DPEF (Durable and Plain Experiment Format)¶
Introduction¶
When we started the development of Optsicom Optimization Suite, we designed it like a personal tool to facilitate the develop of optimization algorithms. In fact, Optsicom Suite born with the name JMH (Java Metaheuristics) and was developed during Micael Gallego's phD presented in December of 2008. But now things are changed. Several researchers develop and improve Optsicom Suite and more people use it to develop optimization algoritms.
During this time, we have detected an important issue with the format that we use to save the experiment results. This information need to be inspected by different researchers with different programming skills, operating systems, programming languages, etc. In some cases, researchers belongs to different organizations and the communication is not easy and direct. Since beginning and until end of 2010, Optsicom Framework stored experiment results in files with serialized Java objects format (SJOF). Obviously, this format is not well suited for public consumption. Moreover, it is not easy to manage several experiments. To use information in this format, it is neccesary to load the whole experiment to perform analysis.

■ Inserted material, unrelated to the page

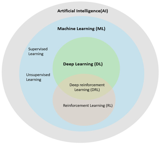 DRL integrates RL concepts with DL techniques, as shown in Figure 11 [16,49,53,98,115,122,123]. It Involves agent learning through interaction with the environment by taking action and receiving feedback in the form of rewards or penalties. This process helps the agent identify valuable actions and develop optimal policies to maximise cumulative rewards. The agent must perceive the current state, evaluate the actions, and understand the consequences to effectively guide decision-making [53,98,114,115]. It helps agents learn effective behaviours through trial and error, using repeated actions, feedback, and rewards to guide their learning. For example, a robot can be trained by attempting tasks, receiving rewards for successful outcomes, refining its actions to maximise rewards, and eventually mastering how to achieve optimal results [16,50,52,108,122]. DRL involves several elements: observed spaces (S), action spaces (At), environment dynamics and transition probabilities (P), reward function (Rt), and discount factor (γ), which balance immediate and future rewards [49,50,53,98,115]. The agent observes the initial environment state (S1), selects a policy, performs an action, and receives a reward. This process is iterated to determine the optimal policy through trial and error. A visual illustration of this process is shown in Figure 12. Unlike traditional RL, which uses tabular data, DRL incorporates a deep neural network, which is a key distinguishing feature [22]. Further details on the DRL architecture and processes are available in various studies [16,49,50,51,52,53,98,115,122,123].

Due to the problems with serialized java objects format, we have decided to store the experiment results in a database. This format is more suitable for manage several experiments, it is possible to query the information in powerful ways and can be used (saved and retrieved) remotely. We have experimented several issues with the database format. We have a very naive database structure and it is very inefficient. We also detected several important bugs that can offer incorrect results when performing analysis. In order to correct this issues in the database, we need to change the database schema. The problem is that we have data in the database and schema evolution with data is very difficult. Also, we have the same problem with database that we have with serialized java objects format, database format is not well suited to share information between reserchers.
Another important issue that we need to tackle is the durability of the format. We can not change the format of the experiment results every year. We need a format easy to share between researchers and easy to process with other programming language, not in Java. The most suited formats for durability and sharing are text based ones. If a researcher can open a file and understand its content, it is a durable format and it is easy to share.
For this, we have decided to create DPEF, the Durable and Plain Experiment Format. In the next sections, the format will be describe. This format will be used as a canonical format to store all experiment results. This format can be used also to perform schema evolution in database, because we can always save and restore information in this format.